Please, without any pictures, set down exactly the part of the listing below that opens with the line containing "Сливной трап 105" and closes with the line containing "上个月,从中国上海出发,Sk".

(DATA TO USE begins)

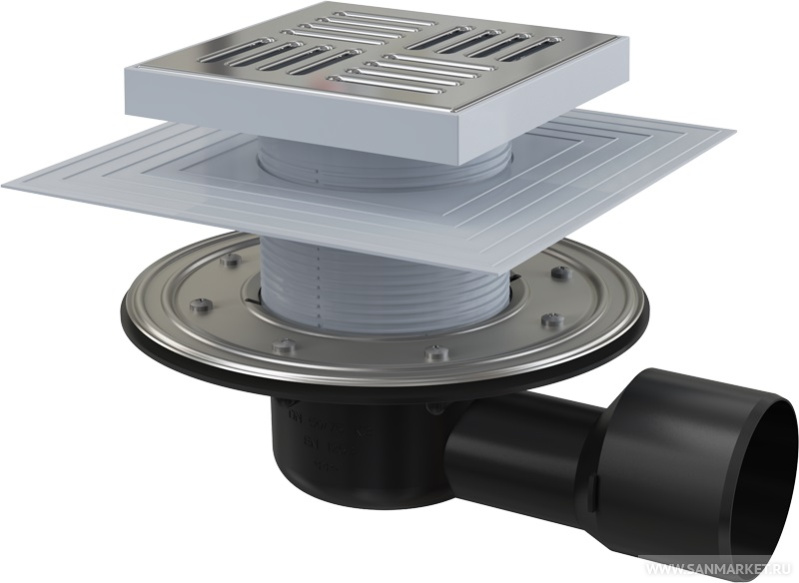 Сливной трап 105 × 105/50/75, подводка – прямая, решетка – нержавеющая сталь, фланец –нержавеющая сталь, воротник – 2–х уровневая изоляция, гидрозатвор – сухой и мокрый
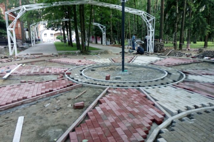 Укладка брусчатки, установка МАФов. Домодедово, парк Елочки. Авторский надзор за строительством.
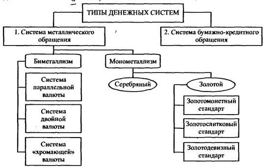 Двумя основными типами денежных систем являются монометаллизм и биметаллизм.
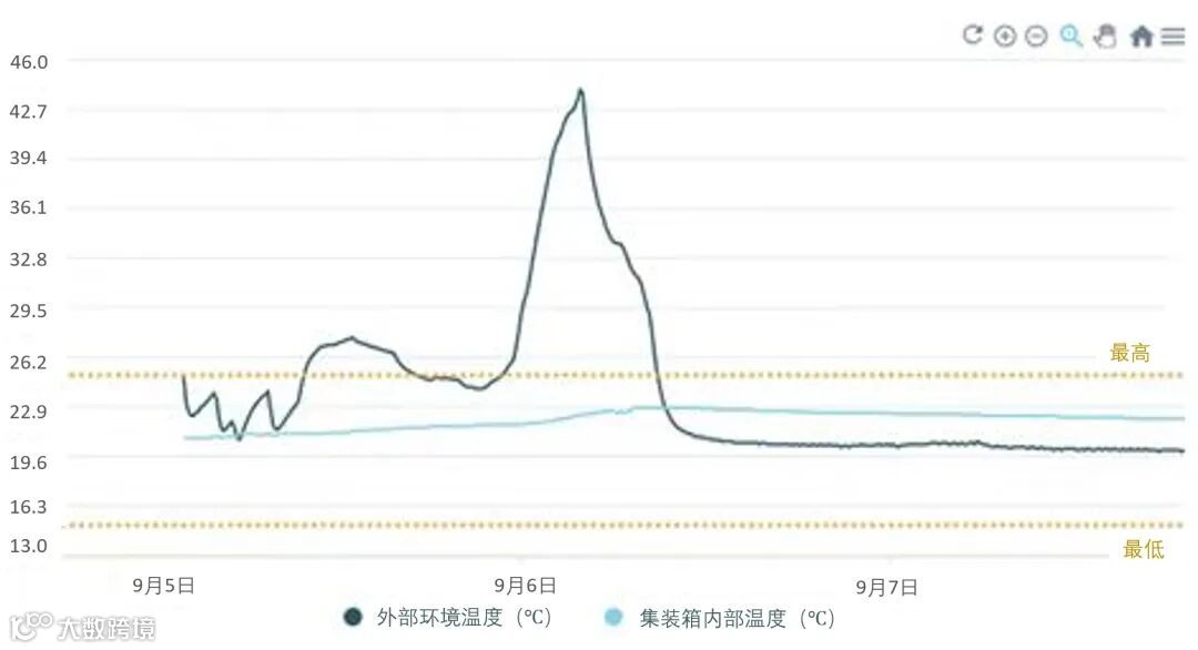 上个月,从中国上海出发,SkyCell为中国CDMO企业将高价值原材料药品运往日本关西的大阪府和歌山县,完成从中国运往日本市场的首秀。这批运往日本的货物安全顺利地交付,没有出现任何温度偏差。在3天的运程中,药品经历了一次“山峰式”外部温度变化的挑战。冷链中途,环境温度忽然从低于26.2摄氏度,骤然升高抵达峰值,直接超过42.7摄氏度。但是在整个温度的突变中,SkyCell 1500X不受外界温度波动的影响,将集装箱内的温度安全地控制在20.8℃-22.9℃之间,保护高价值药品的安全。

(DATA TO USE ends)
(DATA TO USE begins)

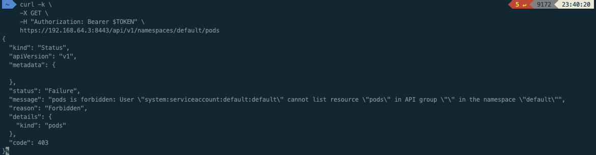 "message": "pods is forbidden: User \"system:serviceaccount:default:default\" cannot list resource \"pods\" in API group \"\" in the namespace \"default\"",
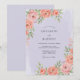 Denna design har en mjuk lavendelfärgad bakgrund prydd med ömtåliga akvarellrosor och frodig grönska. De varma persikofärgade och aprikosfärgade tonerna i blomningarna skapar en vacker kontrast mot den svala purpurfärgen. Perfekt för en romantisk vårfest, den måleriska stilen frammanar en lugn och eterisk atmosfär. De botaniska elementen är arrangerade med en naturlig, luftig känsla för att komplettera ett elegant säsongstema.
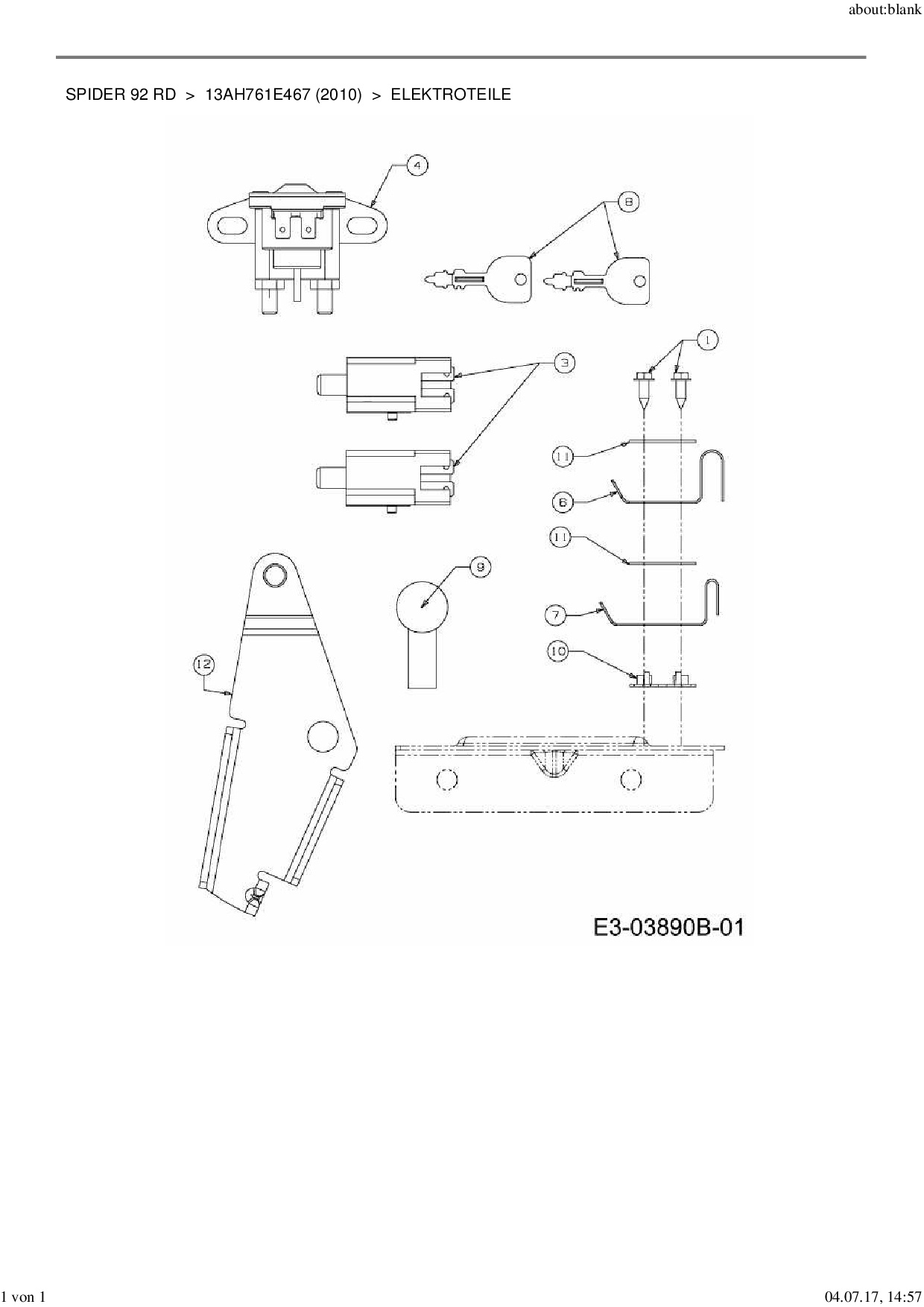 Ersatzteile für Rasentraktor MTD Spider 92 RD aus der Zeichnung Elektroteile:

(DATA TO USE ends)
(DATA TO USE begins)

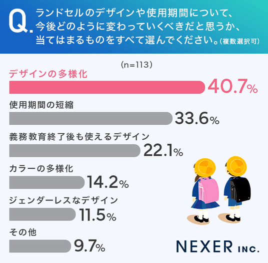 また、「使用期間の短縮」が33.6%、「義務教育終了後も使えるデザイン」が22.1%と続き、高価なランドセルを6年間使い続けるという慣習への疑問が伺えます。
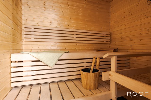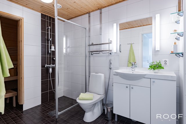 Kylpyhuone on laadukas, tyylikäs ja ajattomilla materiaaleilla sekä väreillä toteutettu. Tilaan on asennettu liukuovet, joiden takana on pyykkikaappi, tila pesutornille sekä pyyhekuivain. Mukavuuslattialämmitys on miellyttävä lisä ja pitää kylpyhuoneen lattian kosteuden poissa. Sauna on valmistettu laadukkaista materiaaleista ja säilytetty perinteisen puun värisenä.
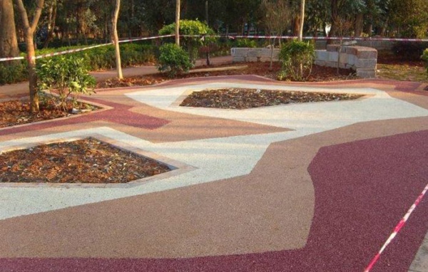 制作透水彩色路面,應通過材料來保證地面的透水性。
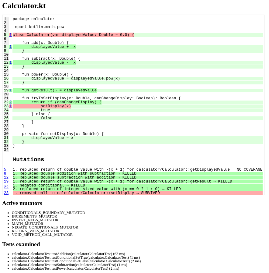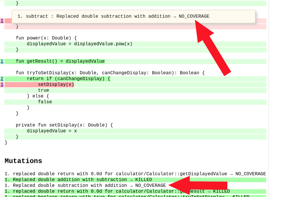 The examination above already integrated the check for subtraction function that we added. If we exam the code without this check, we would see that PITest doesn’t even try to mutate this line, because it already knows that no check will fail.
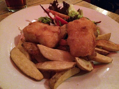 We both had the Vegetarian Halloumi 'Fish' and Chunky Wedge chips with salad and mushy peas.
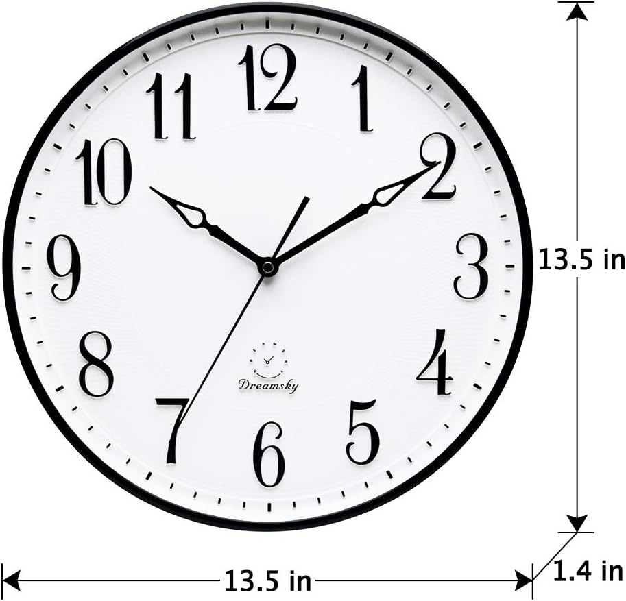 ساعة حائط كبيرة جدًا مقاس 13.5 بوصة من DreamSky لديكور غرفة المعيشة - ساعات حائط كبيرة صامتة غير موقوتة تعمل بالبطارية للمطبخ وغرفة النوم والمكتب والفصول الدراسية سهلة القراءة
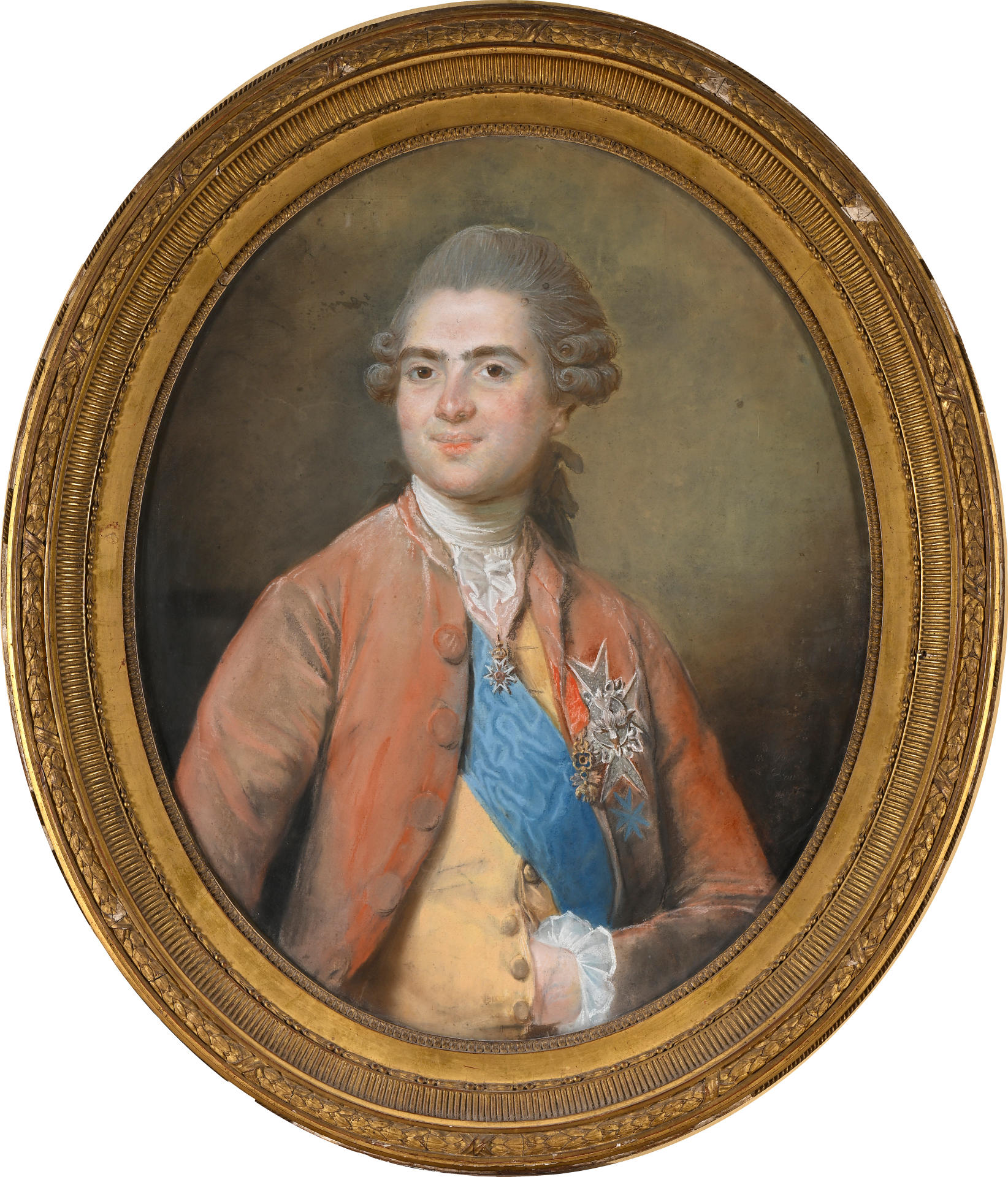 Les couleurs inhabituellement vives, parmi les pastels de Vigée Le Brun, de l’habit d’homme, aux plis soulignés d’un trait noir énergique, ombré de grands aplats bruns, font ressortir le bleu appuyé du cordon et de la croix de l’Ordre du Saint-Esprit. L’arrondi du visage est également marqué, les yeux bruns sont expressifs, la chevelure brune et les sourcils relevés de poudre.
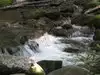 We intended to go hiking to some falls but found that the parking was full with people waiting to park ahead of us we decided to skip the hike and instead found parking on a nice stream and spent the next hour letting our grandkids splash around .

(DATA TO USE ends)

◆ WRITTEN RESPONSE ◆
 Сливной трап 105 × 105/50/75, подводка – прямая, решетка – нержавеющая сталь, фланец –нержавеющая сталь, воротник – 2–х уровневая изоляция, гидрозатвор – сухой и мокрый
 Укладка брусчатки, установка МАФов. Домодедово, парк Елочки. Авторский надзор за строительством.
 Двумя основными типами денежных систем являются монометаллизм и биметаллизм.
 上个月,从中国上海出发,SkyCell为中国CDMO企业将高价值原材料药品运往日本关西的大阪府和歌山县,完成从中国运往日本市场的首秀。这批运往日本的货物安全顺利地交付,没有出现任何温度偏差。在3天的运程中,药品经历了一次“山峰式”外部温度变化的挑战。冷链中途,环境温度忽然从低于26.2摄氏度,骤然升高抵达峰值,直接超过42.7摄氏度。但是在整个温度的突变中,SkyCell 1500X不受外界温度波动的影响,将集装箱内的温度安全地控制在20.8℃-22.9℃之间,保护高价值药品的安全。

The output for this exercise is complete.